Recorded information
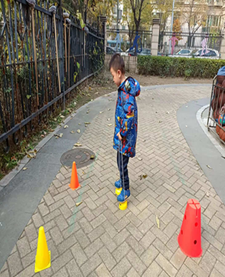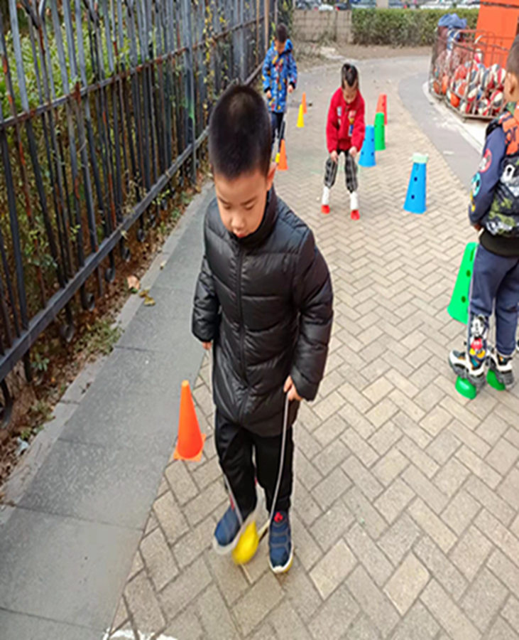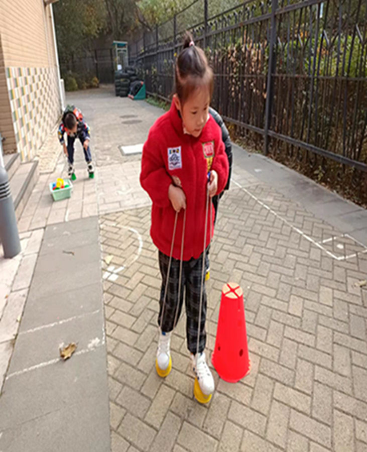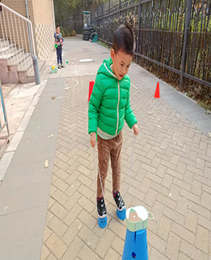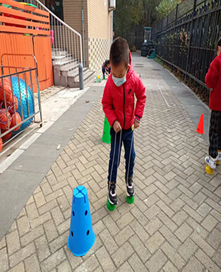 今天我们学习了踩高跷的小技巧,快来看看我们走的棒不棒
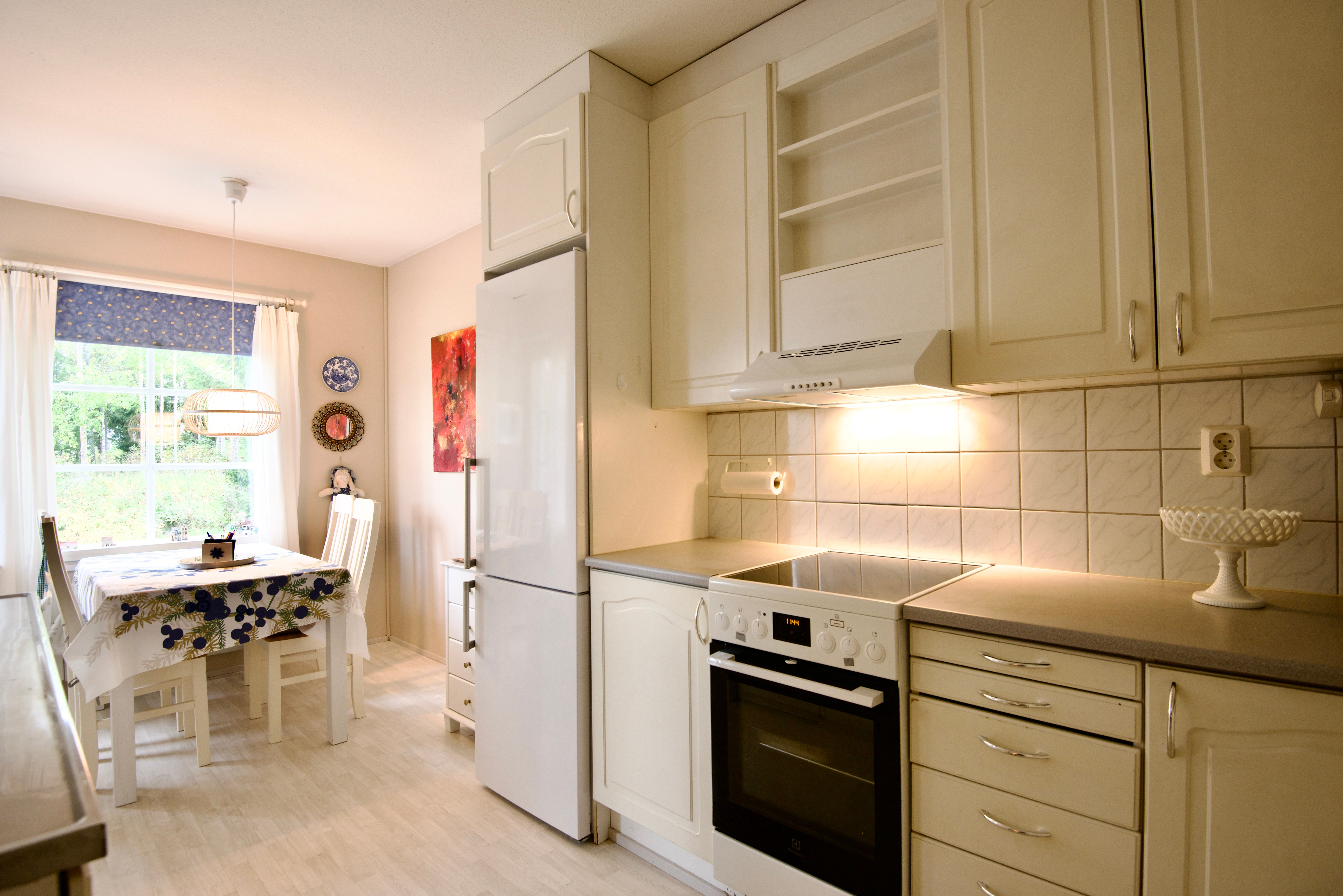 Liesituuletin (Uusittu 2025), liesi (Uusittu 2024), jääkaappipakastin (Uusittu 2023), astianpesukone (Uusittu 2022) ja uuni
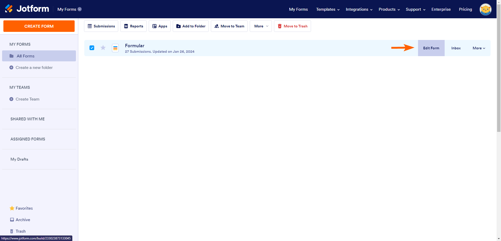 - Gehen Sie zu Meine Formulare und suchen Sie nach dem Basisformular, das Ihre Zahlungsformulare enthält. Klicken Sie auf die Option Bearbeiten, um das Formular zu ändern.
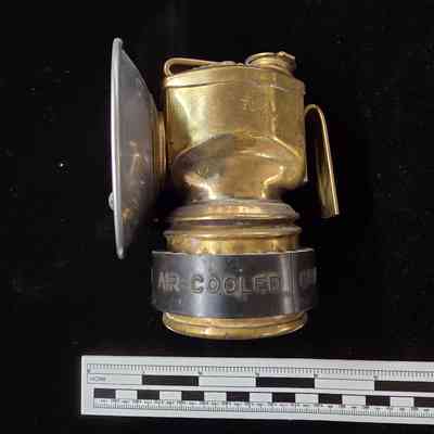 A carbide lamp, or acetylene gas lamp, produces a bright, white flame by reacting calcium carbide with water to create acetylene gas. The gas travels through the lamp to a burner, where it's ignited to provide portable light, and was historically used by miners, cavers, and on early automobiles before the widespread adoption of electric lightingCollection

Required work
A word-for-word retyping of the material above is expected, without pictures.

Finished exercise
 今天我们学习了踩高跷的小技巧,快来看看我们走的棒不棒
 Liesituuletin (Uusittu 2025), liesi (Uusittu 2024), jääkaappipakastin (Uusittu 2023), astianpesukone (Uusittu 2022) ja uuni
 - Gehen Sie zu Meine Formulare und suchen Sie nach dem Basisformular, das Ihre Zahlungsformulare enthält. Klicken Sie auf die Option Bearbeiten, um das Formular zu ändern.
 A carbide lamp, or acetylene gas lamp, produces a bright, white flame by reacting calcium carbide with water to create acetylene gas. The gas travels through the lamp to a burner, where it's ignited to provide portable light, and was historically used by miners, cavers, and on early automobiles before the widespread adoption of electric lightingCollection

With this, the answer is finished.